A few fun facts about the aster:
The Victorians used the Aster flower for floriography. Floriography is coded communication by the exchange of a flower; deep purple representing wisdom and royalty, pink portraying love, red bestowing dedication and devotion, blue representing faith, stability, and depth, and white symbolising purity and new beginnings
Thomas Jefferson took a liking to the China aster varieties, cultivating them on his estate
The Hungarian Revolution on October 31, 1918, is also known as the Aster Revolution. This is because of the Budapest protestors who donned this flower. Wearing this flower in their hats, these individuals helped to seize public buildings in Budapest
The sunflower, another member of the daisy family Asteraceae, dates back to 3000 BC where it is understood they were grown by American Indians in Arizona and New Mexico. The sunflower is native to North America and was first domesticated into a single headed plant with a variety of seed colours including black, white, red, and black/white striped. It was later in Russia where commercialisation of the plant took place, the sunflower plant only recently returned to North America to become a cultivated crop.

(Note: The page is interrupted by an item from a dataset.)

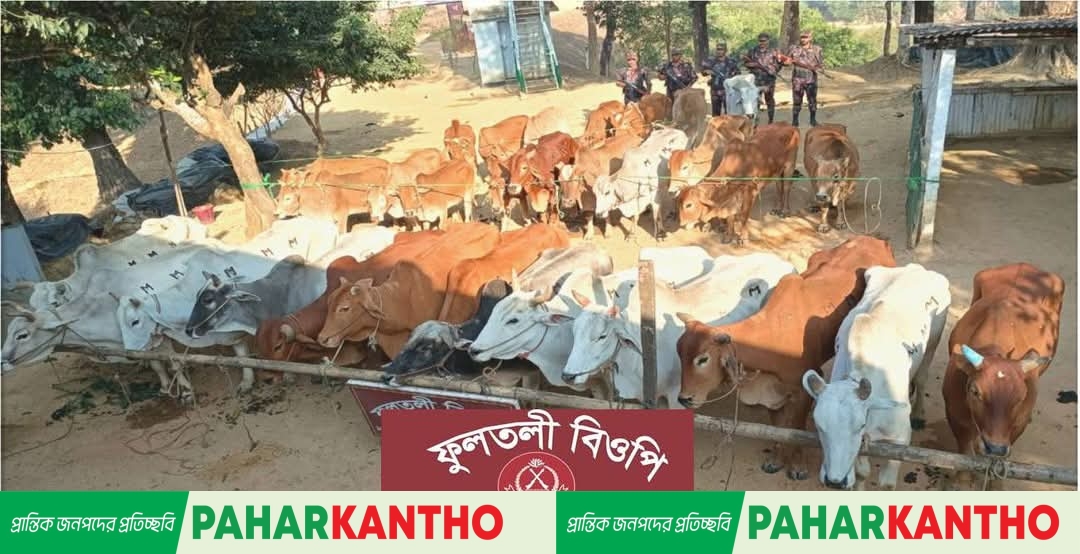 বান্দরবনের সীমান্তিক এলাকায় অভিযানে ২৭ বিদেশী গরু জব্দ

The sunflower had several uses including being a food source. Seeds could be ground into flour or cracked for a snack, alternatively oils could be squeezed from the seed. The oils could also be used on your hair or skin. Other non edible uses include dye for textiles, body painting, and medicinal.
Sunflowers were introduced into Europe by Spanish explorers around 1500 and the flower quickly became widespread throughout Western Europe. During the 18th century sunflowers became popular in Russia too, this is mostly credited to Peter the Great. However, the Russian Orthodox Church also played a role by forbidding oil foods from being consumed during Lent. As sunflowers were not on the prohibited list, they became popular as a food.
By the early 19th century, Russian farmers were growing over two million acres of sunflowers and by the late 19th century, Russian sunflower seed found its way to the USA. Today there are over 80 species of sunflower, ranging in colour from lemon to golden yellow, orange, pink, red and almost black.
The Daisy flower's message is, ultimately, one of hope and renewal, throwing one's mind back to seeing the world as they once did as a child.